Sur base de la théorie et des cas pratiques des e-tailers belges, nous avons pu déterminer un certain
nombre de conditions pour pouvoir mettre en pratique la longue traîne de façon rentable :
En ligne avec la stratégie : la profondeur d’assortiment doit être un des axes de la stratégie et
du positionnement. En fonction de l’environnement concurrentiel, il sera opportun ou pas de
se positionner sur le choix. Nous avons vu que si tout le monde applique la longue traîne, celle-
ci perd de son intérêt. Il faut trouver son « océan bleu » par une offre originale, la longue traîne
peut être cet élément de différenciation.

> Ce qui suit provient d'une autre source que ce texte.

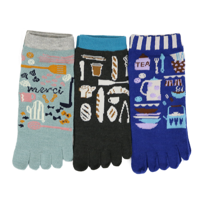 婦人ショート丈5本指ソックス 北欧風雑貨柄
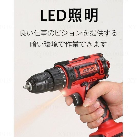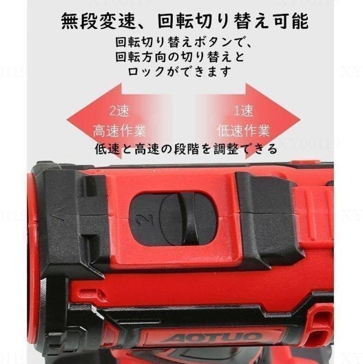 【正反転切替】:ワンタッチで正反転。正の反転レバーの位置を調整します、回転方向を切り替えることができます。ねじを締めることもできるし、ネジを緩めることもできます。使用しない場合は、正の反転レバーを真ん中に置くだけで、トリガーをしっかりとロックし、トリガーやLEDランプが動作しないようにして、不意の誤動作を防止します。

La question des stocks doit absolument être résolue : stocks idéalement dématérialisés, ou
portés par les fournisseurs, sinon avec une faible valeur et des longues dates de validité. Un
autre aspect pratique à résoudre est le référencement des articles dans les systèmes
opérationnels. Celui-ci doit être extrêmement productif ou également exécuté par les
fournisseurs.
La masse critique : la zone de chalandise et le potentiel de chiffre d’affaires doivent être assez
grands pour que la fin de la traîne se vende.
La catégorie de produits : le consommateur est demandeur de plus de choix dans certaines
catégories, typiquement celles évaluées subjectivement et dans lesquelles le consommateur
s’implique émotionnellement, ou encore celles ayant un faible degré de substitution.
Le site : il doit être construit pour permettre au consommateur de trouver facilement ce qui lui
convient (diminuer son effort cognitif). La structuration, les outils de filtre ou de recherche et
les outils collaboratifs (p.ex : commentaires, évaluations des autres internautes) sont autant
d’éléments qui permettent au consommateur de profiter de la profondeur d’assortiment tout
en en limitant les inconvénients.
En conclusion, Internet facilite la mise en application de la longue traîne par rapport au commerce
traditionnel. Pour les sites de vente en ligne de produits, la longue traîne peut s’avérer être un
vecteur de revenus et de profits moyennant la rencontre de conditions énoncées ci-dessus. Dans la
pratique, elle n’est que partiellement appliquée (et applicable) par les sites de e-commerce belges.